A few of the many reasons why the San Diego Zoo’s Safari Park is a lot more than just a great tourist attraction, and in fact serves as a site of public memory and community:
1) The Northern White Rhino: Without a doubt the most tragic inhabitants we met at the Safari Park were the two Northern White Rhinos—two of the four to six surviving such rhinos, all of whom are apparently too old to reproduce. I’m pretty good at finding the good within the tragic—I’m writing a book about it, y’know—but there’s no way to see this impending loss as anything other than a tragedy. But thanks to the safari park, this tragedy won’t go unremarked—all those visitors who, as we did, get to see these rhinos are made aware of the imminent loss of these impressive animals, and that’s an important act of public memory in its own right.
2) The California Condor: At the other end of the spectrum is the genuinely amazing success story that is the California Condor. A couple decades ago these impressive birds of prey were down to Northern White Rhino numbers—but thanks to the efforts of the Safari Park and a couple other California organizations, the Condors have rebounded and rebounded with vigor, not only in sanctuaries like the Park but in increasing numbers in the wild as well. The Condor represents, among other things, the way in which a public site, and communal efforts and support, can change the course of history, and produce a more inspiring future as a result. Pretty good public memory lesson!
3) The Baby Giraffe: This is a much more personal moment, yet still a deeply public one. Our visit to the Park happened to coincide with a special addition—the Park’s youngest inhabitant, a three-week old baby giraffe (our younger son’s favorite animal), was spending his first day out in the Park with his Mom, siblings, and extended giraffe community. Obviously a cute and powerful moment, and we could feel how much our various tour guides and park keepers shared in it. But it was also, for me, an inspiring reminder in miniature (well, miniature-ish) of the Park’s most central purpose: to remind us of the larger world of which we’re a part, a world that is as fragile as it is enduring, to which each of us, small as we are, is deeply and significantly linked.
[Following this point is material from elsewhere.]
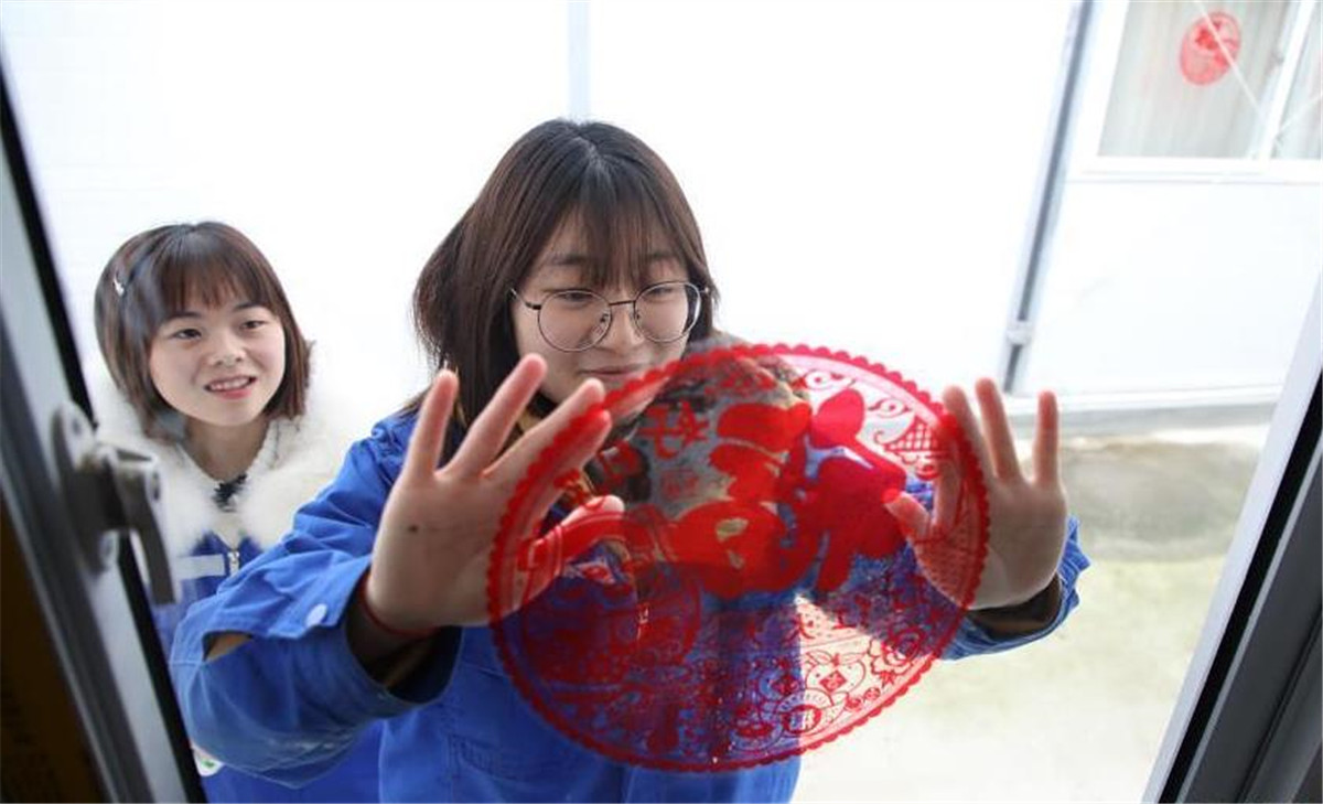 2月5日,中铁八局建设者在项目部贴窗花。当日,在贵阳轨道交通3号线中铁八局项目部内,来自五湖四海的一百多名职工一起贴春联、写福字、做家乡菜,品尝家乡味道,感受新春温暖。

It was a great trip! More this weekend,
Ben
PS. Any interesting or inspiring public sites you’ve visited (in any place)?
3/23 Memory Day nominee: Bette Nesmith Graham, the Texas high school dropout, single mother, and long-time bank secretary who invented Liquid Paper, became one of the 20th century’s most successful inventors and entrepreneurs, and mothered one of the Monkees; if there’s a more distinctly American story than that one, I’ve yet to hear it!